In conclusion, PD subtype influences the activity of multiple cortical areas during walking. Postural instability gait disorder patients need to recruit additional PFC executive-attentional resources for walking. Both PIGD and TD patients reduced alpha and beta power in FCz and CPz channels, which are related to the SMA and parietal cortex, to maintain the balance control during obstacle avoidance. In addition, TD patients present further change in the motor area activation to avoid obstacles, such as decreased beta power in the Cz. Therefore, these findings assist understanding of the neural mechanisms underlying PD subtype during walking, providing information for further interventions focused on gait in PD.
Funding
This study was supported by Coordenação de Aperfeiçoamento de Pessoal de Nível Superior (CAPES; Finance Code 001); Fundação de Amparo à Pesquisa do Estado de São Paulo (FAPESP; grant number 2017/19845-1, 2016/214991, 2014/22308-0); and Conselho Nacional de Desenvolvimento Científico e Tecnológico (CNPq; grant number #429549/2018-0).
Acknowledgments
The authors would like to thank Ellen Lirani-Silva, PhD, Vinicius Cavassano Zampier, MSc, Vinicius de Belli, BSc, and Lucas Meira Fiorio, BSc, for their assistance with data collection.
Conflict of Interest
None declared.
Author Contributions
D.O.-S. was involved in the conceptualization of the study, collecting, analysis, and interpretation of the data and drafting and revising the manuscript for intellectual content. R.V. was involved in the conceptualization of the study, data interpretation, and revising the manuscript for intellectual content. V.S.B. was involved in the data collection, EEG data analysis, data interpretation, and revising the manuscript for intellectual content.

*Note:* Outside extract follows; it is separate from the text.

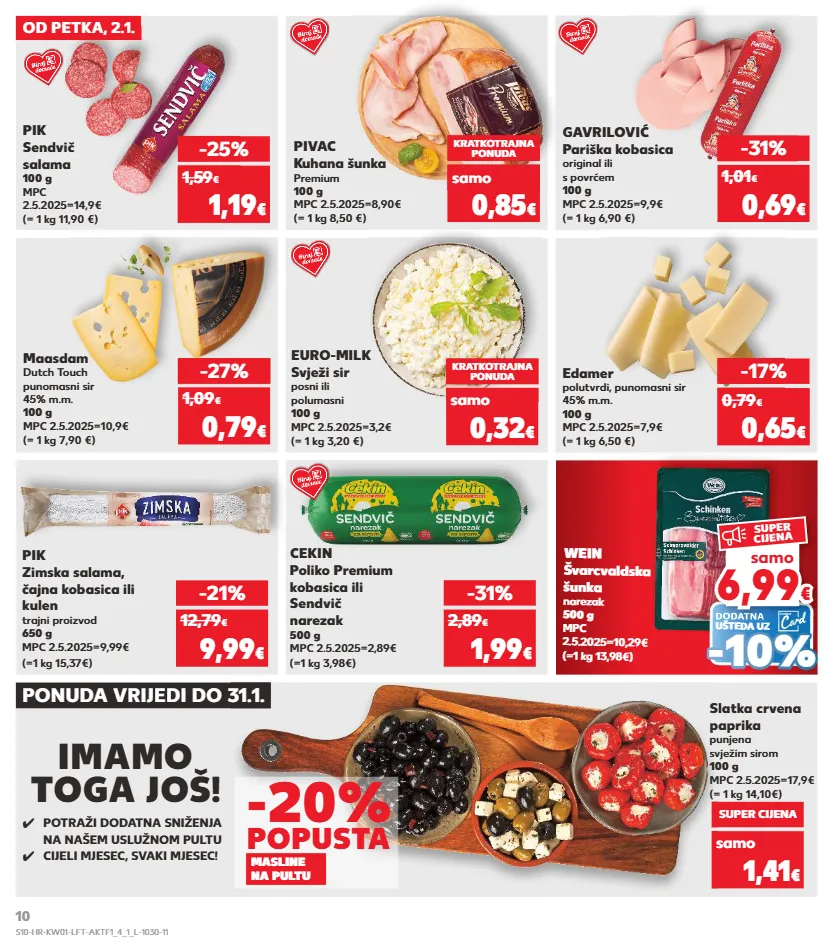 kratkotrajna ponuda kratkotrajna ponuda kratkotrajna ponuda kratkotrajna ponuda kratkotrajna ponuda kratkotrajna ponuda kratkotrajna ponuda od petka, 2.1. ponuda vrijedi do 31.1. masline na pultu -20% popusta ✓ potraži dodatna sniženja na našem uslužnom pultu ✓ cijeli mjesec, svaki mjesec! imamo toga još! maasdam dutch touch punomasni sir 45% m.m. 100 g mpc 2.5.2025=10,9€ (= 1 kg 7,90 €) pik zimska salama, čajna kobasica ili kulen trajni proizvod 650 g mpc 2.5.2025=9,99€ (=1 kg 15,37€) cekin poliko premium kobasica ili sendvič narezak 500 g mpc 2.5.2025=2,89€ (=1 kg 3,98€) euro-milk svježi sir posni ili polumasni 100 g mpc 2.5.2025=3,2€ (= 1 kg 3,20 €) kratkotrajna ponuda samo 0,32 € slatka crvena paprika punjena svježim sirom 100 g mpc 2.5.2025=17,9€ (= 1 kg 14,10€) samo super cijena 1,41 € -27% 0,79 € 1,09 € -21% 9,99 € 12,79 € -31% 1,99 € 2,89 € gavrilović pariška kobasica original ili s povrćem 100 g mpc 2.5.2025=9,9€ (= 1 kg 6,90 €) -31% 0,69 € 1,01 € -17% 0,65 € 0,79 € (= 1 kg 6,50 €) edamer polutvrdi, punomasni sir 45% m.m. 100 g mpc 2.5.2025=7,9€ -25% 1,19 € 1,59 € (= 1 kg 11,90 €) pik sendvič salama 100 g mpc 2.5.2025=14,9€ kratkotrajna ponuda samo 0,85 € (= 1 kg 8,50 €) pivac kuhana šunka premium 100 g mpc 2.5.2025=8,90€ (=1 kg 13,98€) wein švarcvaldska šunka narezak 500 g mpc 2.5.2025=10,29€ dodatna ušteda uz - - 10% 10% dodatna 6,99 6,99 € € samo super cijena s10-hr-kw01-lft-aktf1_4_1_l-1030-11 10

N.R.C. and P.N.-S. were involved in the data collection, fNIRS data analysis, data interpretation, and revising the manuscript for intellectual content. A.S.O. was involved in the EEG data analysis, data interpretation, and revising the manuscript for intellectual content. L.T.B.G. was involved in the conceptualization of the study, data interpretation, and revising the manuscript for intellectual content.